▶ _Data to use_:
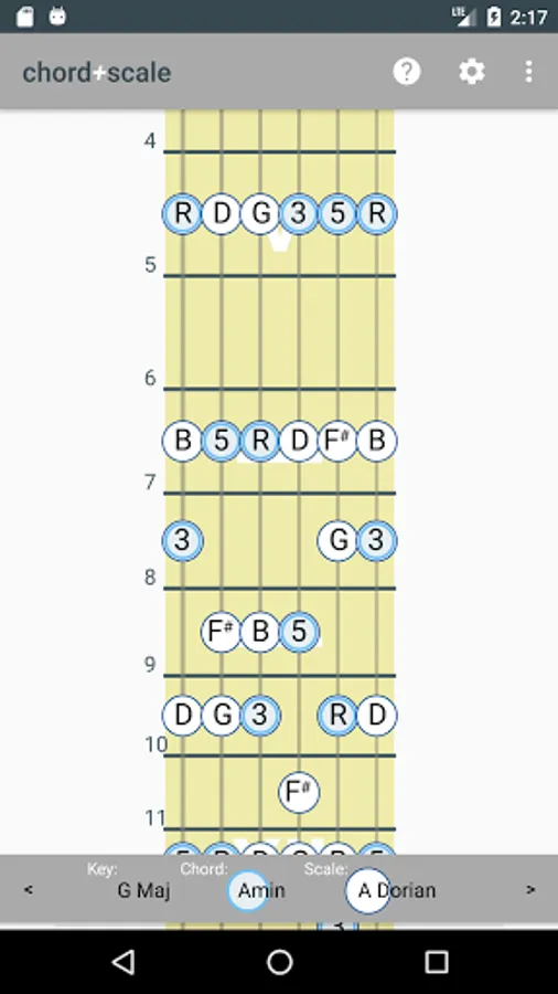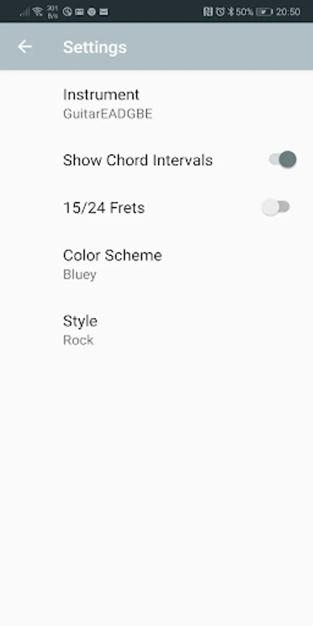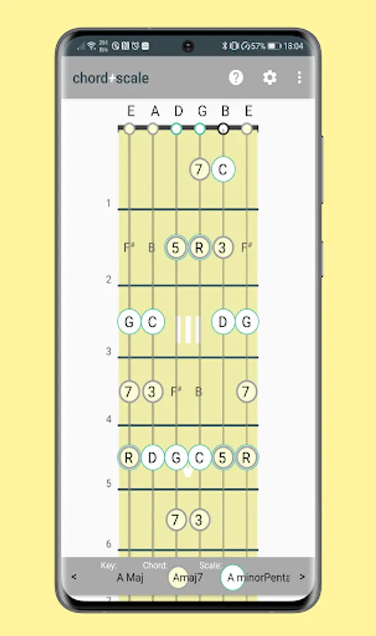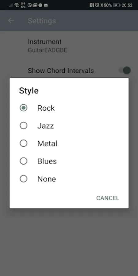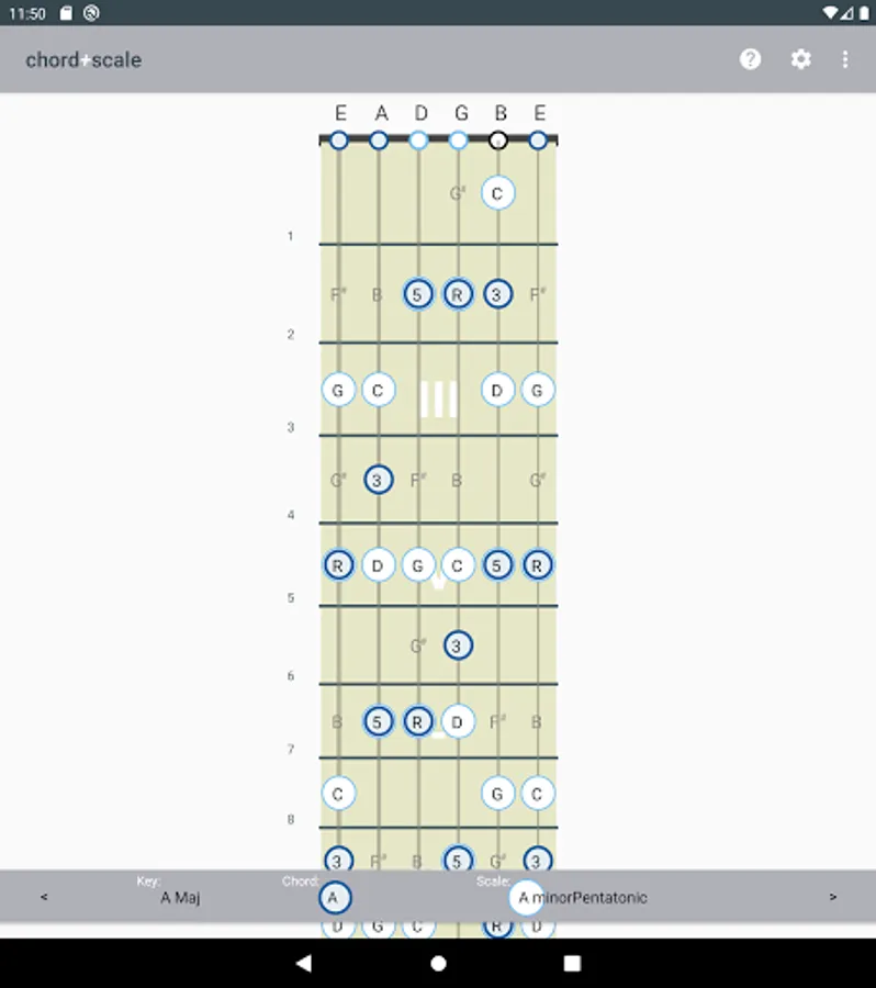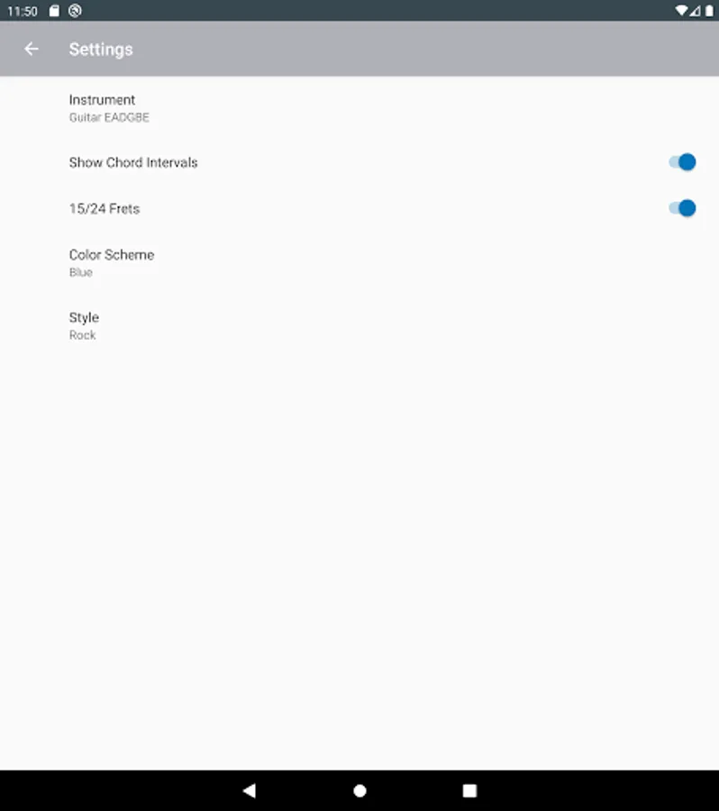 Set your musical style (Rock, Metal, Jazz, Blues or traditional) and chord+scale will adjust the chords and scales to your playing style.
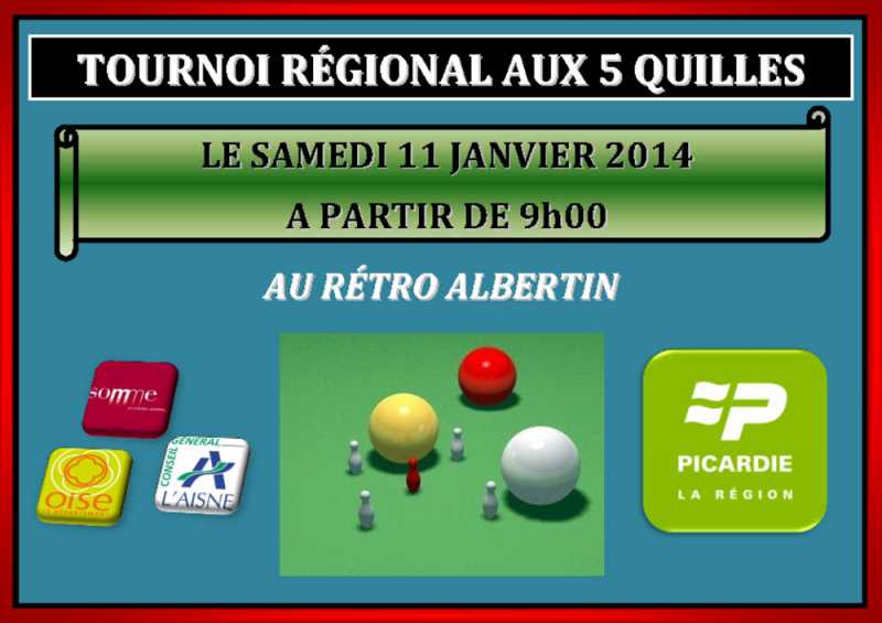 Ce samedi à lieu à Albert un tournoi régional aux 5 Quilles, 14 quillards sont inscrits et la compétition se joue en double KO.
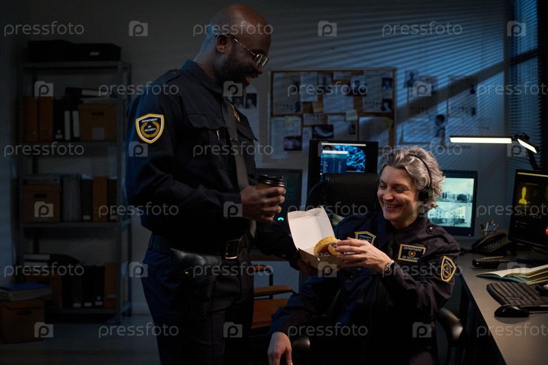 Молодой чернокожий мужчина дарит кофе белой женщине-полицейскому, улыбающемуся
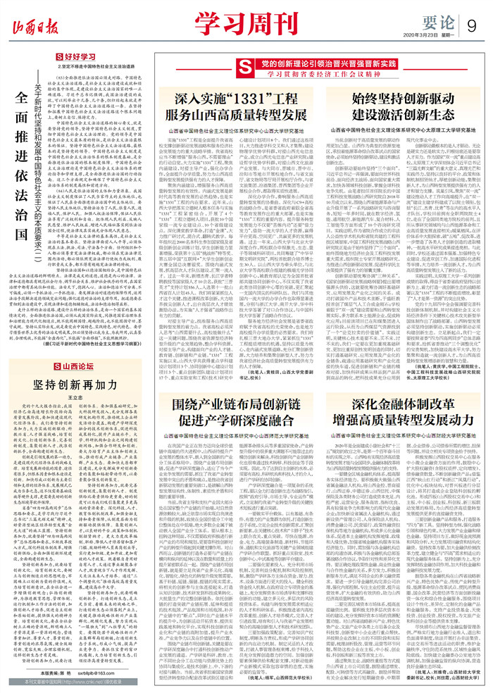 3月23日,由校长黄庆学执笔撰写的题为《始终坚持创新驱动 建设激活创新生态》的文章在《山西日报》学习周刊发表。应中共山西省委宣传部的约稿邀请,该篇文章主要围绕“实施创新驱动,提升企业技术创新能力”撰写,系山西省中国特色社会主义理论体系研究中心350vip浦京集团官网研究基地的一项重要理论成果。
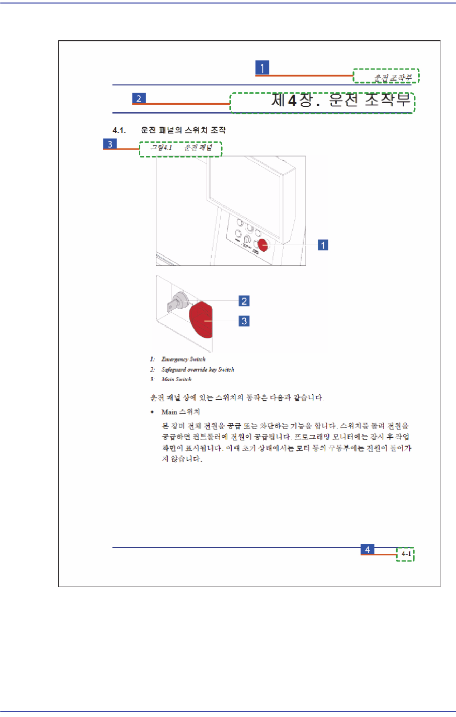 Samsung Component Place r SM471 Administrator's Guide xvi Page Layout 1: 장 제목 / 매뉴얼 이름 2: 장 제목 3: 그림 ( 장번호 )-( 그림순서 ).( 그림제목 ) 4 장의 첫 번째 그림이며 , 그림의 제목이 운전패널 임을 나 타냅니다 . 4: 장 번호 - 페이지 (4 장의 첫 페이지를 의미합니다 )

▶ _What you should do_: All entries need repeating exactly, but without the pictures.

▶ _Task answer_:
 Set your musical style (Rock, Metal, Jazz, Blues or traditional) and chord+scale will adjust the chords and scales to your playing style.
 Ce samedi à lieu à Albert un tournoi régional aux 5 Quilles, 14 quillards sont inscrits et la compétition se joue en double KO.
 Молодой чернокожий мужчина дарит кофе белой женщине-полицейскому, улыбающемуся
 3月23日,由校长黄庆学执笔撰写的题为《始终坚持创新驱动 建设激活创新生态》的文章在《山西日报》学习周刊发表。应中共山西省委宣传部的约稿邀请,该篇文章主要围绕“实施创新驱动,提升企业技术创新能力”撰写,系山西省中国特色社会主义理论体系研究中心350vip浦京集团官网研究基地的一项重要理论成果。
 Samsung Component Place r SM471 Administrator's Guide xvi Page Layout 1: 장 제목 / 매뉴얼 이름 2: 장 제목 3: 그림 ( 장번호 )-( 그림순서 ).( 그림제목 ) 4 장의 첫 번째 그림이며 , 그림의 제목이 운전패널 임을 나 타냅니다 . 4: 장 번호 - 페이지 (4 장의 첫 페이지를 의미합니다 )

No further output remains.